Not All Remote Devices Are Mobile: Managing Intelligent Connected Devices
Have you ever been shopping at one of your favorite stores, gotten up to the register, and been unable to locate your card for that particular shop? (This always happens to me when I stop to pick up something at the grocery store because my wife carries those cards.) The cashier is usually happy to offer to look up your account by phone number or some other identifier right through the register. Now, have you ever thought of how that's made possible? Obviously they don't have a complete customer database in the register, or even at the store level. Fortunately, companies such as Odyssey Software have been thinking about this very thing—remote device management for "intelligent connected devices." This point has been highlighted by Odyssey Software's announcement this week that the Coca-Cola Company is using the company's Athena remote management software , in conjunction with Microsoft System Center Configuration Manager 2007 (SCCM), to remotely manage the new and state-of-the-art Coca-Cola Freestyle beverage dispensers.
December 8, 2010
Have you ever been shopping at one of your favorite stores, gotten up to the register, and been unable to locate your card for that particular shop? (This always happens to me when I stop to pick up something at the grocery store because my wife carries those cards.) The cashier is usually happy to offer to look up your account by phone number or some other identifier right through the register.

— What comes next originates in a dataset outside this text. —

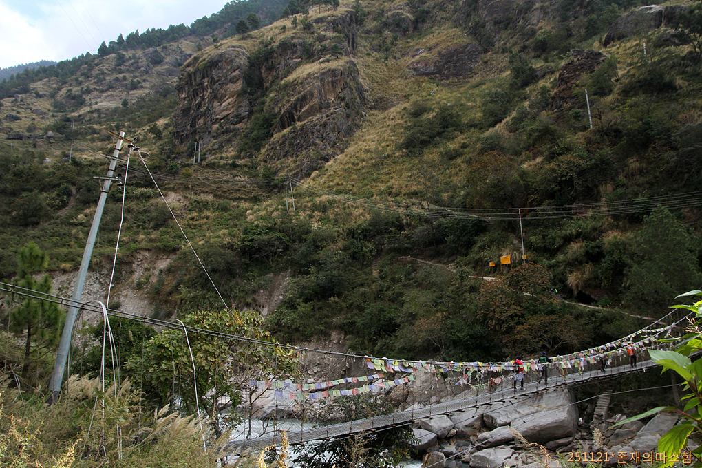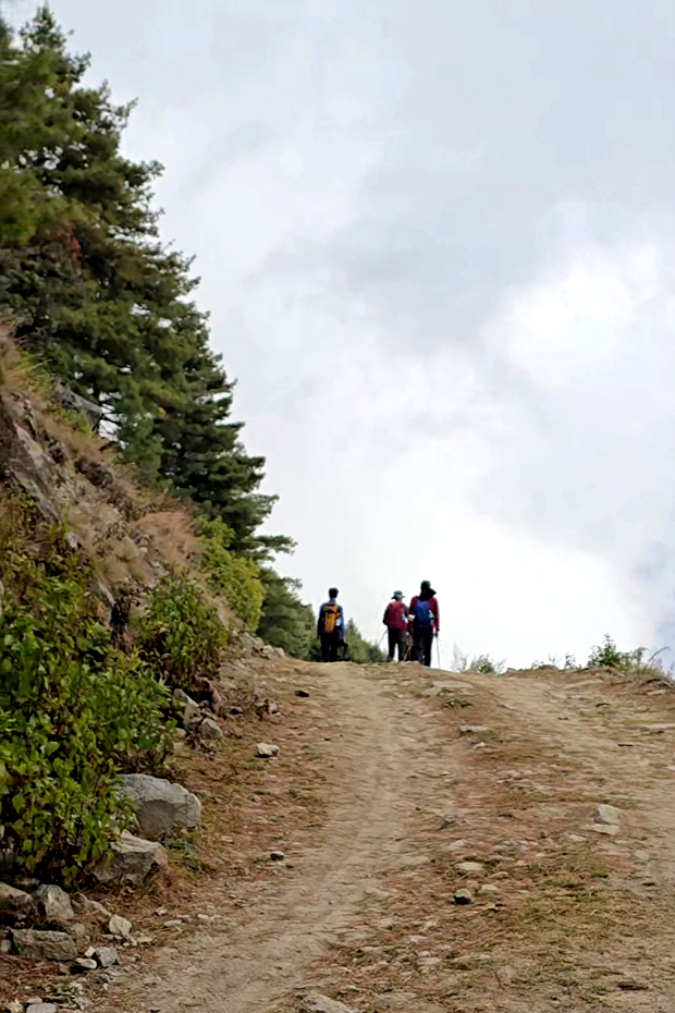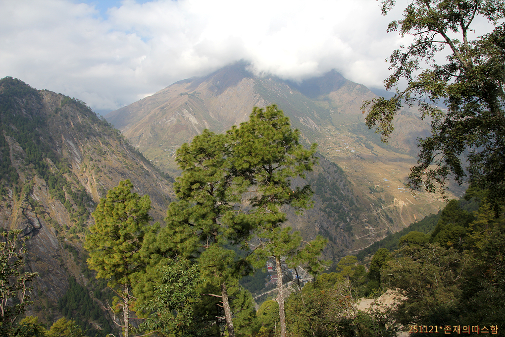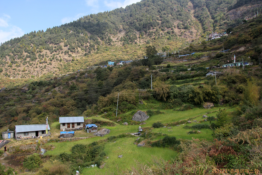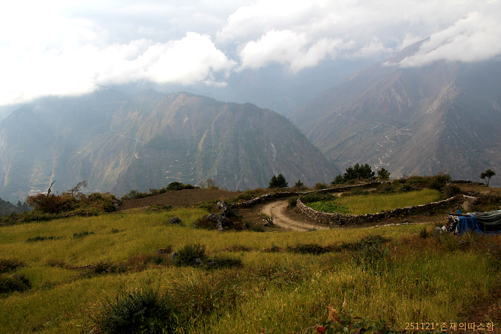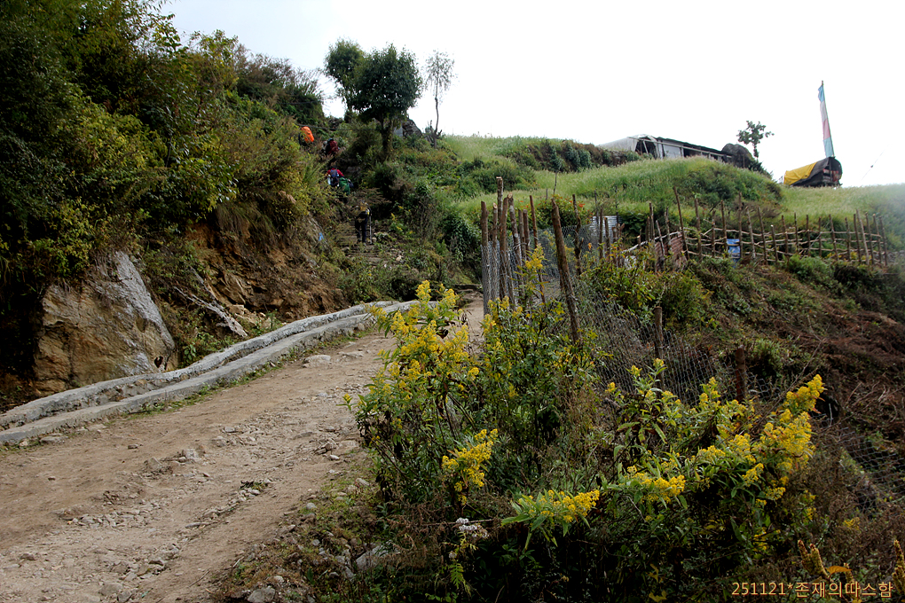 마을을 지나 랑탕계곡이 있는 동쪽 능선으로 가로지르며 마지막 깔딱고개로 향하고 있다.

Now, have you ever thought of how that's made possible? Obviously they don't have a complete customer database in the register, or even at the store level.
Fortunately, companies such as Odyssey Software have been thinking about this very thing—remote device management for "intelligent connected devices." This point has been highlighted by Odyssey Software's announcement this week that the Coca-Cola Company is using the company's Athena remote management software, in conjunction with Microsoft System Center Configuration Manager 2007 (SCCM), to remotely manage the new and state-of-the-art Coca-Cola Freestyle beverage dispensers.
First, a little bit about what these drink dispenser do. In this digital age of overwhelming choice, this fountain dispenser fits right in: A single dispenser provides an intuitive touch screen display with over 100 different beverage choices to quench your thirst from various Coca-Cola brands, including Coke, Diet Coke, Fanta, Dasani, and Minute Maid. You can also add additional flavors, such as orange or raspberry, to create flavors that aren't otherwise commercially available. The poor is based on microdosing technology, originally developed in the medical field, and the machine itself is outfitted with flavor or ingredient packets that are much like ink jet cartridges. The ingredients are injected directly into the poor stream, and from all accounts, the flavors are as pure as anything you've seen from Coke since its earliest days.
Through the remote management piece, Coca-Cola is able to monitor and collect data both on the overall health of the machines as well as specific sales information. You can see a video below from CNBC that shows the Freestyle dispenser in action as well as some of its reporting features. Coca-Cola is still testing them in limited, though expanding, markets; you can see a list of current locations on the Coca-Cola Freestyle Facebook page. Personally, as an only-Coke-no-Pepsi person, I can't wait to give one a try.
Odyssey Software partnered with Microsoft to work with Coca-Cola on this project, which has been ongoing for several years. As Odyssey Software CEO Mark Gentile explained, they were evaluated against other remote management contenders and ultimately Coke chose the Athena/SCCM combination for the project. "Configuration Manager is the back end infrastructure, the management console . . . the single pane of glass for all the management tasks, whether its provisioning, or remote control, or things like that," Gentile said. "Athena is both used on the device side, so it’s our agent that's exclusively on the device side that's being used. And then on the ConfigMan side, we have some extensions that we install into the Configuration Manager environment so it adds new features to the console to do things with these embedded devices or mobile devices that you typically can't do out of the box with ConfigMan."
I've spoken with Odyssey Software and looked at the Athena product several times over the years, but always as a mobile device management platform. However, as Gentile explained, the company is seeing things somewhat differently these days. "There's a need to manage mobile devices," Gentile said. "But really the category that we're in is about managing intelligent connected devices. Mobile is one segment of an intelligent connected device—that's one type. Smartphones are one type of an intelligent connected device. So is a cash register." And it's no surprise, therefore, that Athena is also licensed to companies that do the sort of cash register management that lets stores look up your various loyalty program cards when you wander in without them.
It's exciting technology: both what Coca-Cola is doing with its innovative new fountain, and what Odyssey is doing with remote device management. I love it when some of my favorite things come together in unexpected ways.